The scheme implements a Memorandum of Understanding (MoU) signed on Aug. 10 between the Treasury and U.S. fund KKR over a joint takeover of NetCo, a venture comprising both TIM’s domestic fixed-access network and submarine cable unit Sparkle.
“The government took action to defend the national interest and the workers,” Prime Minister Giorgia Meloni said in a statement.
KKR has offered around 23 billion euros ($24.85 billion) for NetCo once debt and a number of variable items are included, while also leaving the door open for the government to join its bid and maintain oversight of the asset.
Economy Minister Giancarlo Giorgetti told reporters the decrees would allow the Treasury to acquire a minority stake in NetCo worth “up to 2.2 billion euros”, partnering with KKR and other domestic players.
“What the government is interested in is reaffirming the public control over certain strategic choices regarding an infrastructure that we deem as strategic,” he said.
Rome will issue sovereign bonds to fund its investment, according to a source familiar with the matter.

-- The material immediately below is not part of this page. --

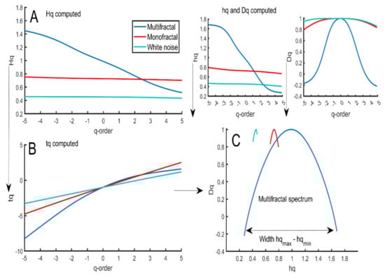 Multifractal spectrum of multiple representations for white noise (green), multifractal (blue), and monofractal (red). Computed Hurst exponent (A), mass exponent (B), multifractal spectrum (C).

However, the acquisition will replace other financial operations that have already been factored into Italy’s latest public finance estimates, so the debt-to-GDP ratio will not be affected, the source added.
Reuters has previously reported that Italian infrastructure fund F2I is also set to invest in NetCo, raising the combined stake in Italian hands to around 30% to 35%.

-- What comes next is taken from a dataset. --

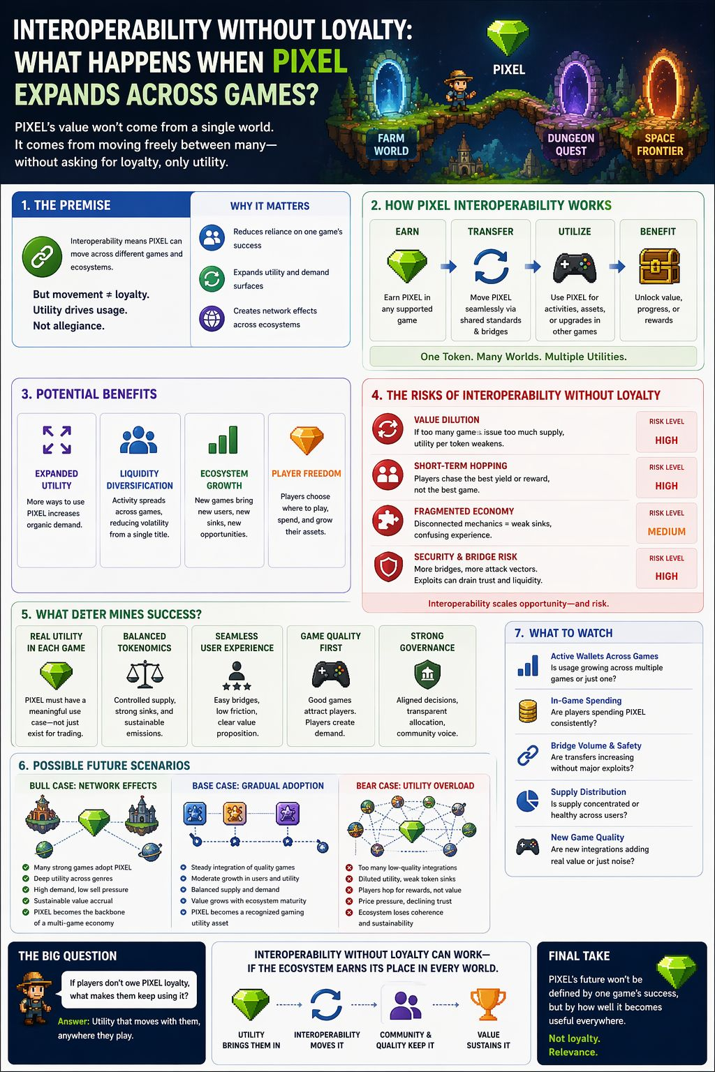 I remember the first time I looked at PIXEL and noticed how casually interoperability was mentioned. It wasn’t framed as a feature, more like an assumption. Assets moving across games, player identity persisting between environments, economies loosely connected instead of siloed. At the time, it sounded like progress. Now I’m not as sure it’s that simple.

Giorgetti said state lender Cassa Depositi e Prestiti (CDP) could also invest in the venture.
TIM’s network is Italy’s main telecommunications infrastructure and the government has been looking for years to ensure investments are carried out to upgrade it to fast fibre optics from copper.
Crippled by 26 billion euros in net debt and burning cash, TIM has resorted to hiving off its main asset to shed debt and staff, in a move that would be a first in a major European country among former phone monopolies.
While the decrees provide political blessing for KKR’s approach, the grid sale also requires the backing from TIM’s top investor Vivendi, which has so far demanded a higher valuation to back any deal.
With a near 24% stake, the French media giant’s position might still be a hurdle to its completion.